20. Oktober 2017 | 22:48 Uhr

Großer Markt der Landfrauen

vom
Aus der Redaktion der Uetersener Nachrichten

Sehr zufriedene Gesichter sind am Ende des Landfrauenmarktes in und vor der Feuerwache in Haselau zu sehen gewesen. „Ganz toll, dass so viele Besucher gekommen sind“, freute sich Inga Marckmann, Vorsitzende des „LandFrauenVereins Haseldorfer Marsch“. „Mit dieser Resonanz haben wir nicht gerechnet.“

shz.de von
erstellt am 18.Jun.2012 | 21:06 Uhr

Eröffnet wurde der Landfrauenmarkt mit einer Andacht, die der Haselauer Pastor Andreas-Michael Petersen zelebrierte, und die gut besucht war. Danach riss der Strom der Besucher nicht ab.

Die Idee: Im Rahmen eines Marktes präsentieren die Mitglieder des Vereins Produkte, die Ergebnisse ihrer Fähigkeiten und Talente sind. Gut ein Dutzend Stände waren aufgebaut worden. Da gab es Leckereien mit Marmeladen, Likören sowie Käse aus Schaf- und Ziegenmilch. Dekoratives für Zuhause wurde mit Bildern, Skulpturen, Töpferarbeiten und Topfpflanzen geboten. Glückwunschkarten, Duftsäckchen und Backbücher können wunderbar verschenkt werden.

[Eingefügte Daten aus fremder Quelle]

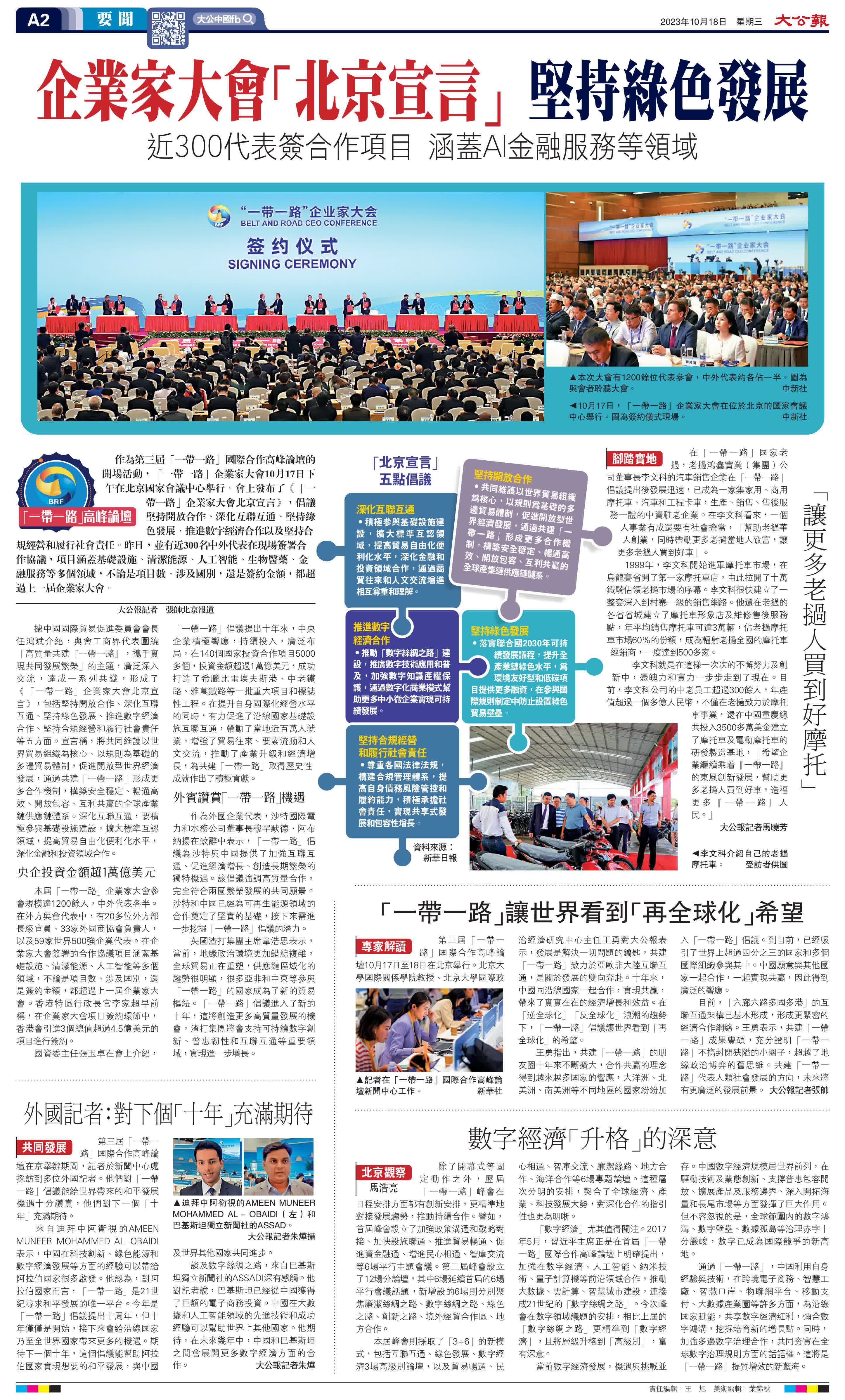 (大公報 記者 張帥、馬曉芳、朱燁)作為第三屆「一帶一路」國際合作高峰論壇的開場活動,「一帶一路」企業家大會10月17日下午在北京國家會議中心舉行。會上發布了《「一帶一路」企業家大會北京宣言》,倡議堅持開放合作、深化互聯互通、堅持綠色發展、推進數字經濟合作以及堅持合規經營和履行社會責任。昨日,並有近300名中外代表在現場簽署合作協議,項目涵蓋基礎設施、清潔能源、人工智能、生物醫藥、金融服務等多個領域,不論是項目數、涉及國別,還是簽約金額,都超過上一屆企業家大會。

Hinzugeholt wurden von den Landfrauen Aussteller aus der Marsch, wie Ina Koopmann mit ihrem Stand des Hofes Kruse. Ordentlich zu tun hatte die Haseldorferin, die Milchprodukte unter die Leute zu bringen. „Das war eine gute Werbung“, zieht Ina Koopmann Bilanz. Die Landfrauen zeigten aber auch, wofür sie sich stark machen. So gab es einen Stand, mit dem um Unterstützung für das Kinderhospiz „Sternenbrücke“ geworben wurde. Angela Schuldt und Maren Plüschau organisieren die Aktion, Sie kooperieren dabei mit der Gemeinde Haseldorf.

Die Patchwork-Gruppe der Landfrauen unterstützt die Aktion „Herzen gegen Schmerzen“, mit denen brustkrebsoperierten Patientinnen geholfen werden soll. Nicole Kaufmann hatte sie einst gegründet und konnten 70 Herzkissen während des Landfrauenmarktes in Empfang nehmen. Insgesamt hat die Patchworkgruppe schon 170 Herzkissen genäht, die über die Regio-Klinik in Pinneberg an die operierten Frauen gehen. Besuch bekamen die Marschmerinnen auch von Landfrauen-Vereinen aus der Nachbarschaft. Die Vorsitzenden Martina Kleinwort (Nordende und Umgebung) und Heidi Kieselbach (Holm) ließen sich ebenfalls informieren.

Bereits zweimal hatten die Landfrauen ähnliche Veranstaltungen organisiert. Durch den Erfolg dieser Aktion scheint sicher, dass Vergleichbares in ein paar Jahren wieder stattfinden wird.